Tolga Çöplü, Arto Bendiken, Andrii Skomorokhov, Eduard Bateiko, Stephen Cobb, Joshua J. Bouw, Haltia, Inc.

Dec 19, 2023

Abstract

Augmenting large language models (LLMs) with user-specific knowledge is crucial for real-world applications, such as personal AI assistants. However, LLMs inherently lack mechanisms for prompt-driven knowledge capture. This paper investigates utilizing the existing LLM capabilities to enable prompt-driven knowledge capture, with a particular emphasis on knowledge graphs. We address this challenge by focusing on prompt-to-triple (P2T) generation. We explore three methods: zero-shot prompting, few-shot prompting, and fine-tuning, and then assess their performance via a specialized synthetic dataset.
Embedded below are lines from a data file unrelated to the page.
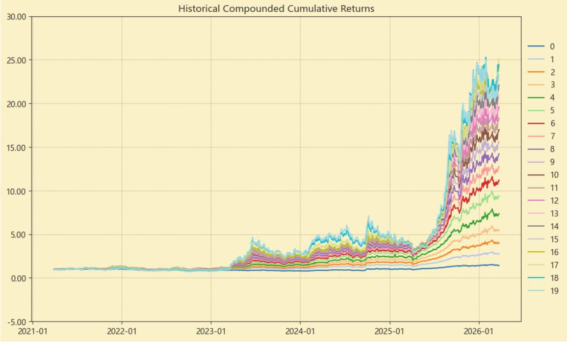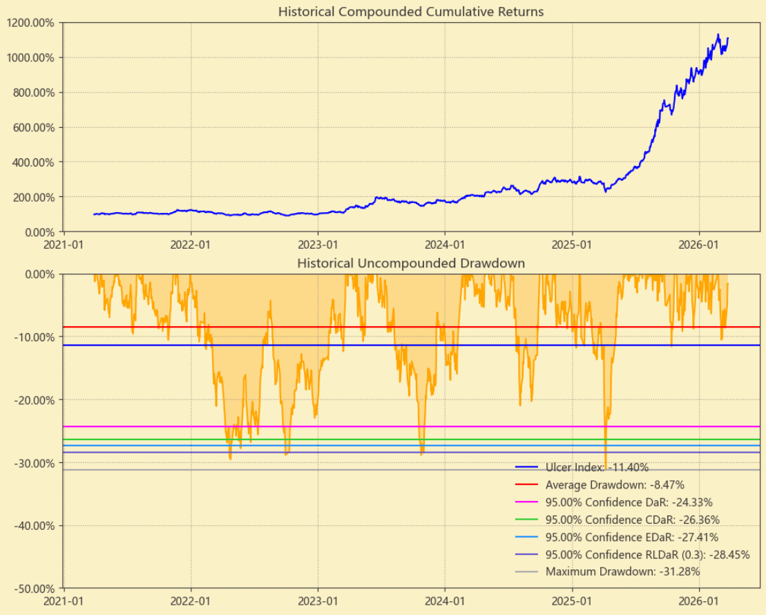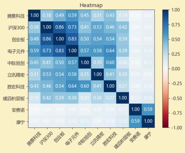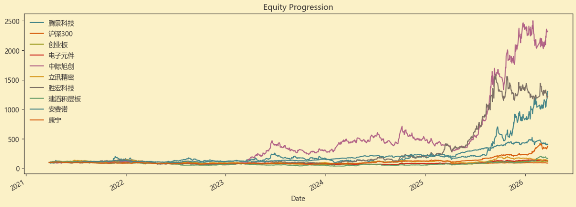 区间累计回报近12倍,最大回撤31.28%,投资组合的整体表现要好于腾景科技个股。整个电子元件行业盈利能力优异,波动中等,夏普比率1.82堪称卓越。(Cumulative Returns;Maximum Drawdown)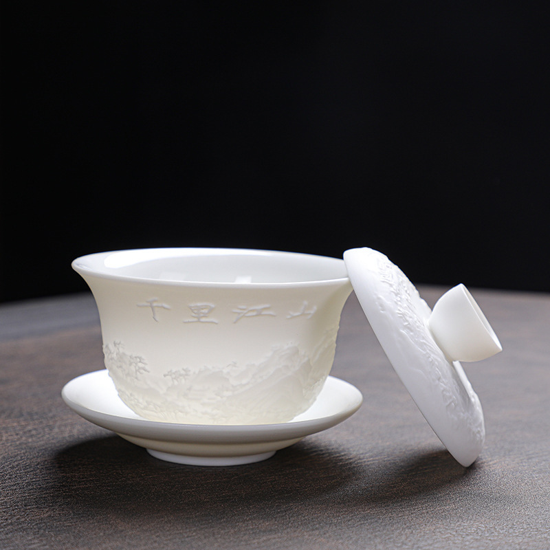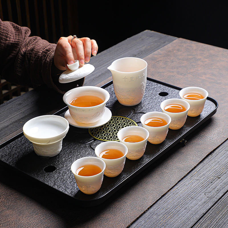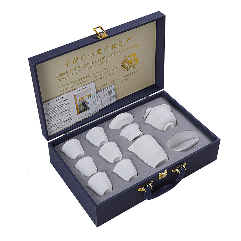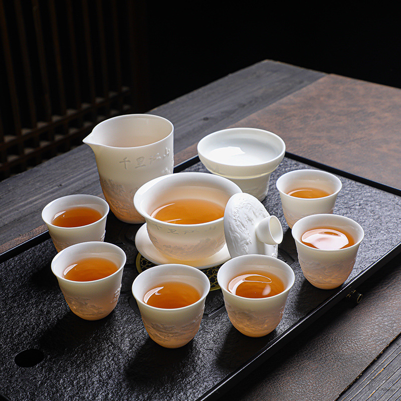德化浮雕羊脂玉功夫茶具套装商务家用送礼礼品整套伴手礼带礼盒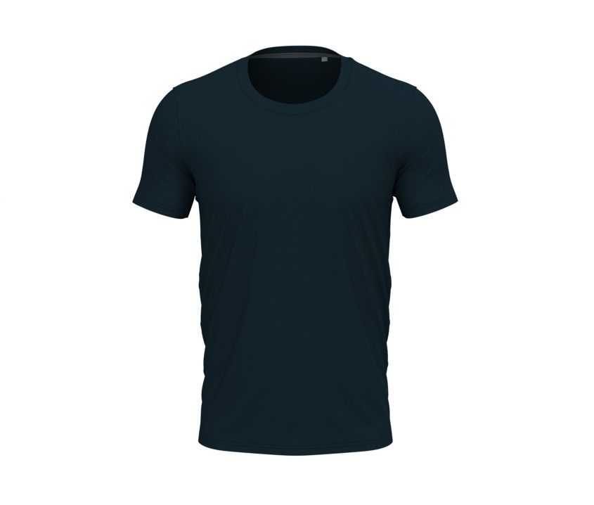 Tee-shirt près du corps. Bande de propreté contrastée. Coutures aux épaules renforcées. Col fin dans la même matière. Coutures latérales. Petite étiquette de taille dans le cou. Étiquette d’entretien dans la couture latérale.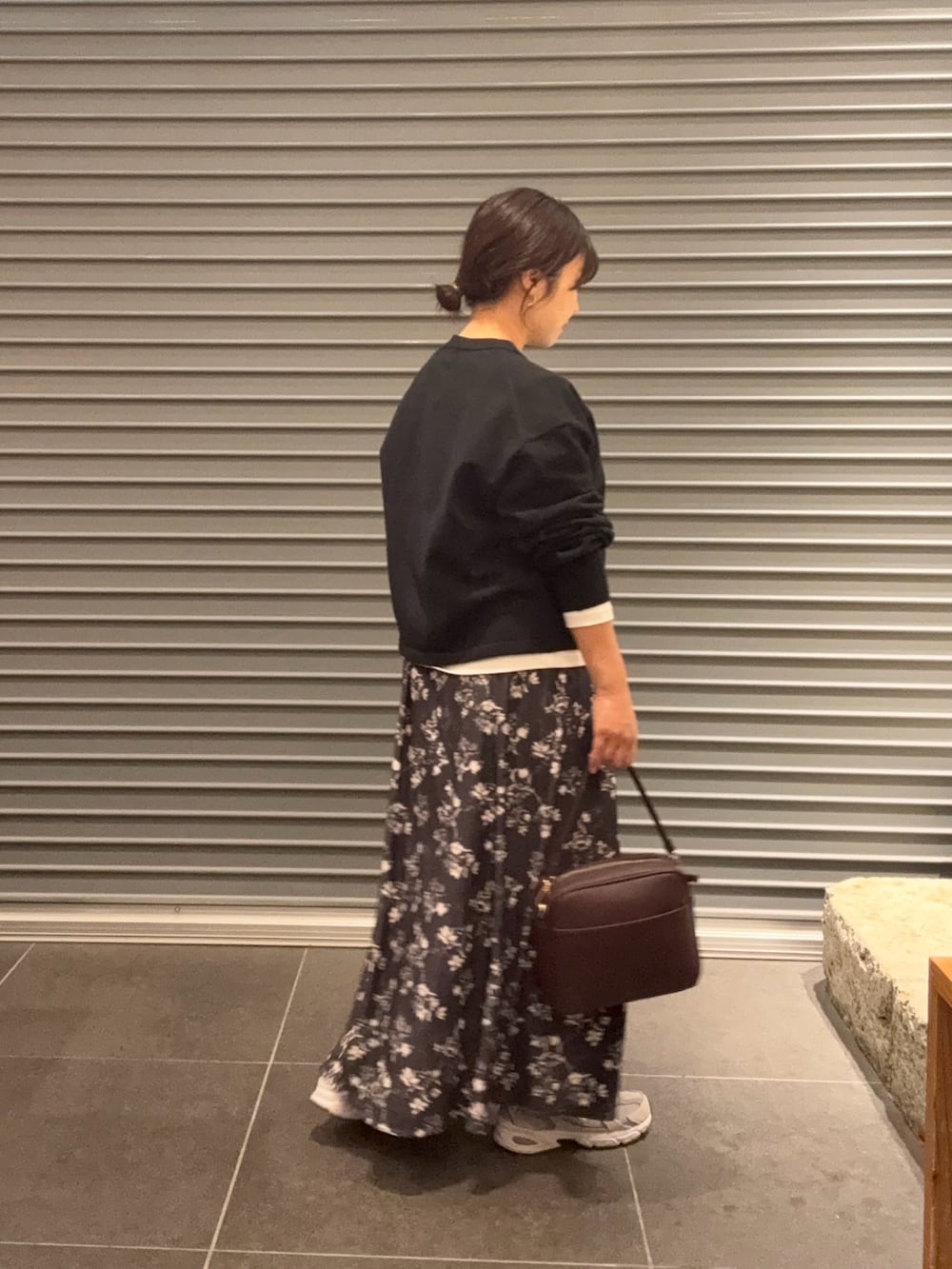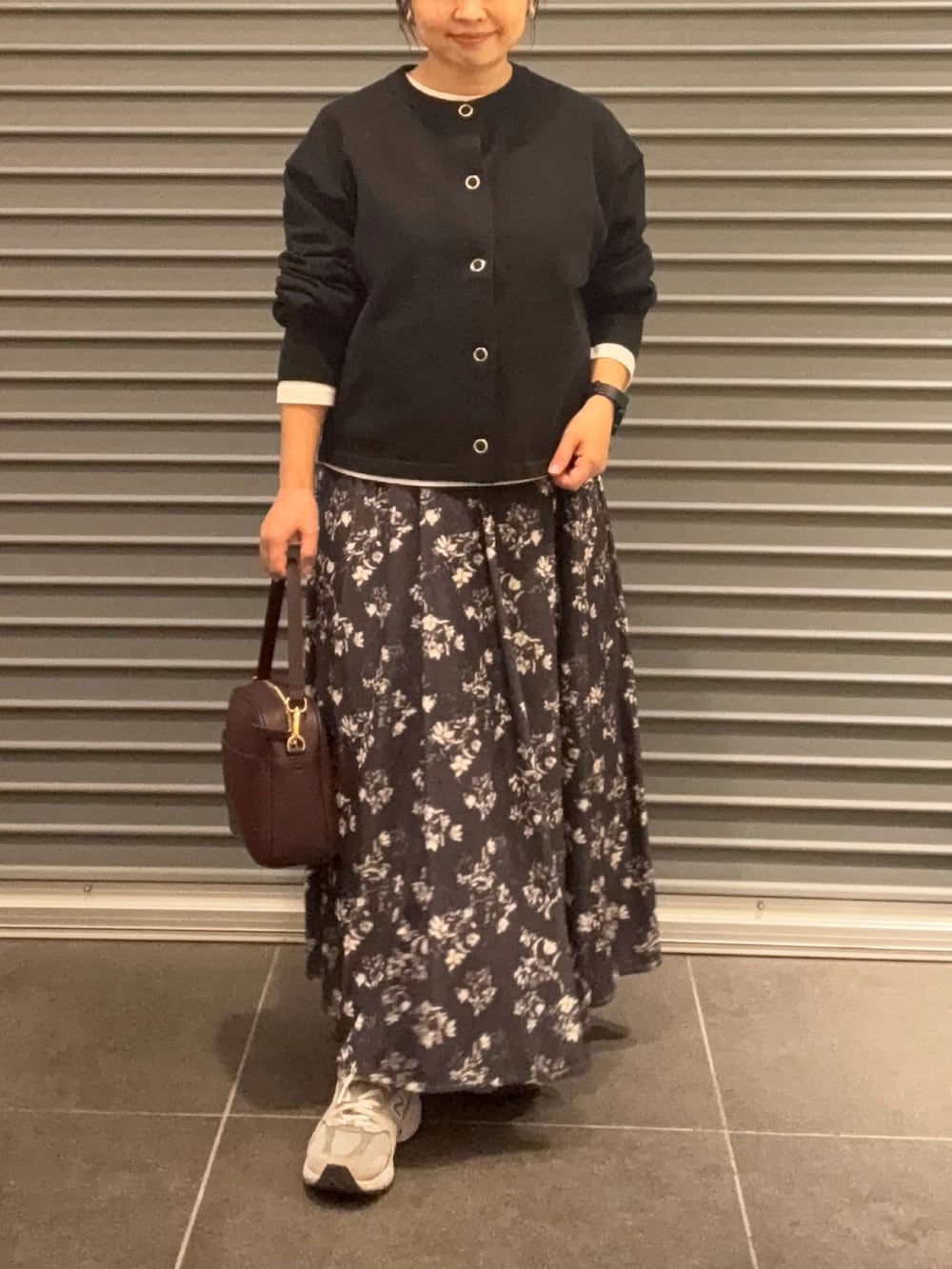 スカートはベロア素材でフラワープリントがキレイ見えします。ウエストは総ゴムなので楽ちんです。バックで秋カラーをプラスしたコーデにしました。

Our code and datasets are publicly available at https://github.com/HaltiaAI/paper-PTSKC

1 Introduction

Large language models (LLMs) are transforming human-machine interaction with their adeptness in carrying out conversations. However, despite their proficiency in responding to queries, LLMs cannot be considered good listeners. Their limitation lies in their inability to learn from user-provided information. To utilize any data received from users beyond their context window, LLMs require support from an external system, a significant gap in their interactive capabilities.
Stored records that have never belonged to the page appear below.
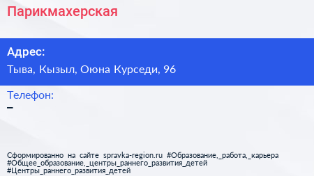 Парикмахерская по адресу Тыва, Кызыл, Оюна Курседи, 96 в дальнейшем Организация, размещена в следующих категориях: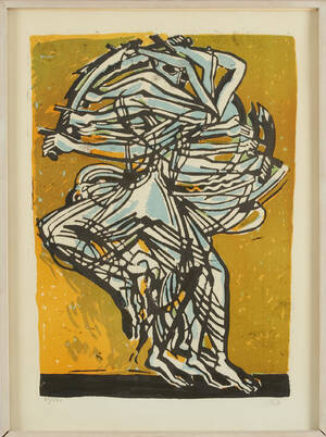 Axel Salto (1889-1961), Danmark. Signerad, numrerad 24/25, komposition, 44x57cm, yttermått inklusive ram: 58x70cm. Axel Salto, dansk grafiker och keramisk formgivare född 1889, död 1961. Läs mer...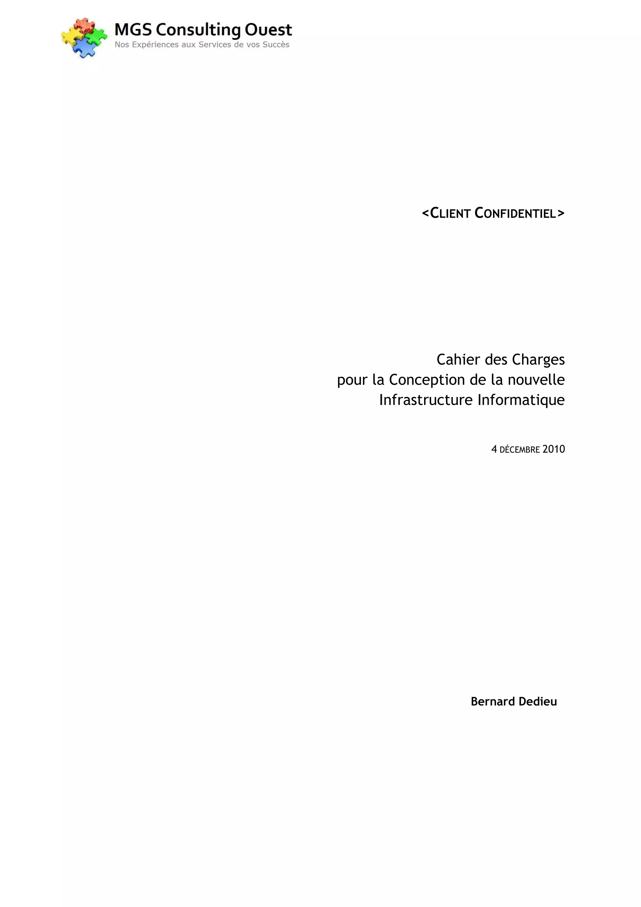 Le document est un cahier des charges pour la conception d'une nouvelle infrastructure informatique pour un client, spécifiant les objectifs, les acteurs du projet, ainsi que l'environnement informatique actuel. Il détaille également les attentes en matière de conception, d'installation et de maintenance du matériel, ainsi que les normes et standards à respecter. Le projet vise à créer une infrastructure évolutive intégrant un réseau local adapté aux besoins futurs du client.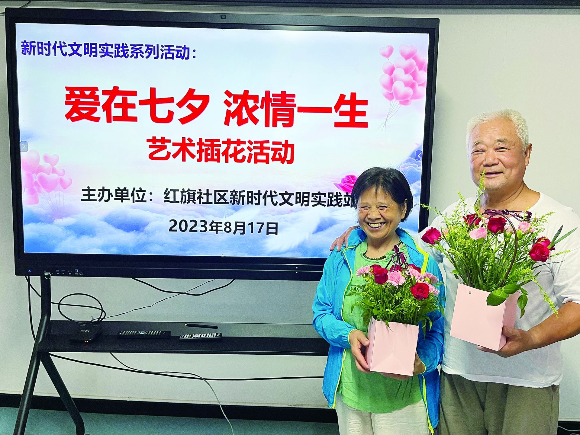 “我們結婚50多年了,幾十年的風雨兼程,使我們懂得夫妻要互相珍惜、信任、尊重、寬容。”居民田萬成和老伴沈勁松在社區(qū)志愿者的指導下,一邊相互協(xié)助選花插花籃,一邊開心地和鄰居們聊天,話家常。

Primarily, LLMs capture knowledge during their training phase. This phase, which enables the implicit encoding of knowledge into the model’s parameters, is deemed efficient in terms of data compression. However, the substantial computational power, time, and cost required for training, particularly in the pre-training stage, render it impractical for prompt-driven continuous learning. LLMs are unable to capture knowledge obtained from users or through external integrations/plugins, which presents significant challenges for many AI applications. For instance, the ability of AI assistants to capture and utilize personal information in future interactions is crucial. This limitation is currently being addressed through various Retrieval-Augmented Generation (RAG) approaches. Within this realm, knowledge graphs are distinguished by their clear structures, symbolic representations, and capacity for factual reasoning, making their integration with LLMs a vibrant area of ongoing research [1, 2].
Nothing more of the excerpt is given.